Queens woman aims to make mountain climbing history
by Jacob Henry
Feb 02, 2021 | 6696 views | 0 0 comments | 919 919 recommendations | email to a friend | print
Patricia Alcivar wants to become the first Queens woman and Latina to climb the seven summits of the world.
Patricia Alcivar wants to become the first Queens woman and Latina to climb the seven summits of the world.
Alcivar at the top of Kilimanjaro in Tanzania.
Alcivar at the top of Kilimanjaro in Tanzania.
A Forest Hills woman is attempting to climb the seven summits of the world, which would make her the first Queens resident and Latina in history to complete such a feat.

Patricia Alcivar, who was born in Woodside, has already climbed three major mountains, Kilimanjaro in Tanzania, Elbrus in Russia, and Aconcagua in Argentina.

There are four other peaks still on her list, which include the legendary Everest in the Himalayas and Denali in Alaska, which Alcivar has already attempted once.

While climbing Denali, Alcivar was caught in a seven-day blizzard on the mountain, which she said was the scariest moment of her life.

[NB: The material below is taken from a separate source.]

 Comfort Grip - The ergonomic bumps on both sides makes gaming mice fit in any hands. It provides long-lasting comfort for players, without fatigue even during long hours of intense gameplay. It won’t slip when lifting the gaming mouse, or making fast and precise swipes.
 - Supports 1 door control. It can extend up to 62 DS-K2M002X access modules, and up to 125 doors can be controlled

“There are these holes on the mountain that if you fall in, you’re not coming back” Alcivar said. “We had to come down because of that blizzard. We ran out of food and ran out of time.”

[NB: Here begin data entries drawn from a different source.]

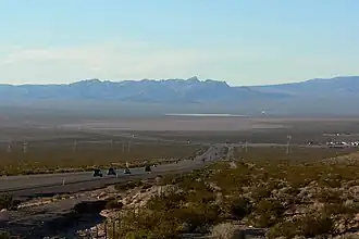 The north end of the valley contains a large salt pan, or dry lake, Dry Lake or Eldorado Playa, while the southern two thirds drains northwards.[1] U.S. Route 95 traverses eastern portions of the valley, and climbs steeply to meet U.S. Route 93, connecting Boulder City to Henderson.
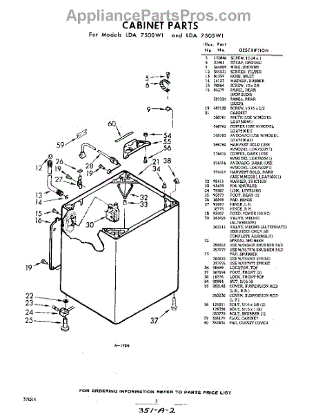 Parts for Whirlpool LDA7505W1: 02 - Cabinet Parts
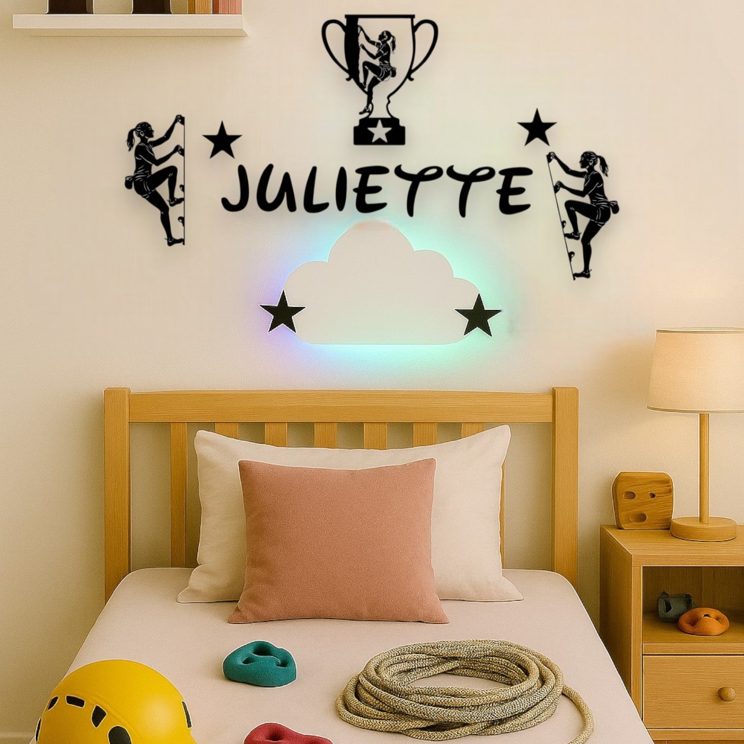 Ajoutez une touche lumineuse spectaculaire avec un halo coloré qui illumine le prénom et la déco.
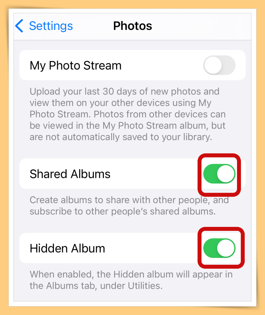 ❤️步骤2:打开“Shared Album”和“Hidden Album”

She used that climb as a teaching moment, saying the mountain has taught her the importance of patience.

“I know that I cannot will myself through a storm,” Alcivar said. “It's on the mountain’s terms, not on my terms.”

She said that there is an element of spirituality that comes into play when hiking these massive mountains, and she has visualized arriving at the summit many times throughout her climbing experiences.

“When everything else is not in your favor on the mountain, I push myself even more,” Alcivar said. “You need some belief in faith because that’s what’s going to get you to the top.”

Five years ago, Alcivar was a professional boxer, but after taking too many brutal hits she took some time off, which is when her friend took on her first climb at Mount Superior in Utah.

Her friend was not expecting Alcivar to climb all the way to the top.

“While I was up there, I just felt the beauty of that experience,” she said. “I knew that this is my calling. This is what I absolutely must do.”

She attributes some of her climbing will to growing up in Queens, and said a real New Yorker “just won’t give up.”

“That describes my whole personality,” she said. “I’ve grown up in some harsh conditions, and that definitely helps me on the mountain.”

Alcivar said she wants to educate people about climbing and inspire other young girls to be able to shoot for the same high peaks.

“Every person has their own mountain,” Alcivar said. “Some people’s mountains can be something personal, like losing weight or fighting depression, and all those things are worth fighting for.”